Lillian Reiter et al. J Bacteriol. 2011 Oct.

Abstract

The Bacillus cereus group of bacteria is a group of closely related species that are of medical and economic relevance, including B. anthracis, B. cereus, and B. thuringiensis. Bacteria from the Bacillus cereus group encode three large, highly conserved genes of unknown function (named crdA, crdB, and crdC) that are composed of 16 to 35 copies of a repeated domain of 132 amino acids at the protein level. Bioinformatic analysis revealed that there is a phylogenetic bias in the genomic distribution of these genes and that strains harboring all three large genes mainly belong to cluster III of the B. cereus group phylogenetic tree.
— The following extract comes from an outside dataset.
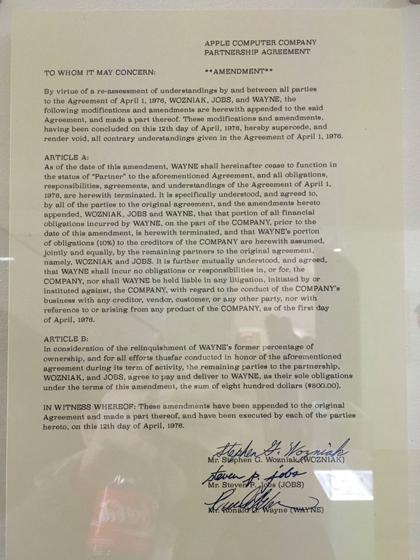 Một trang hợp dồng của Apple được kí kết vào những năm 70 của thế kỉ trước.

The evolutionary history of the three large genes implicates gain, loss, duplication, internal deletion, and lateral transfer. Furthermore, we show that the transcription of previously identified antisense open reading frames in crdB is simultaneously regulated with its host gene throughout the life cycle in vitro, with the highest expression being at the onset of sporulation. In B. anthracis, different combinations of double- and triple-knockout mutants of the three large genes displayed slower and less efficient sporulation processes than the parental strain. Altogether, the functional studies suggest an involvement of these three large genes in the sporulation process.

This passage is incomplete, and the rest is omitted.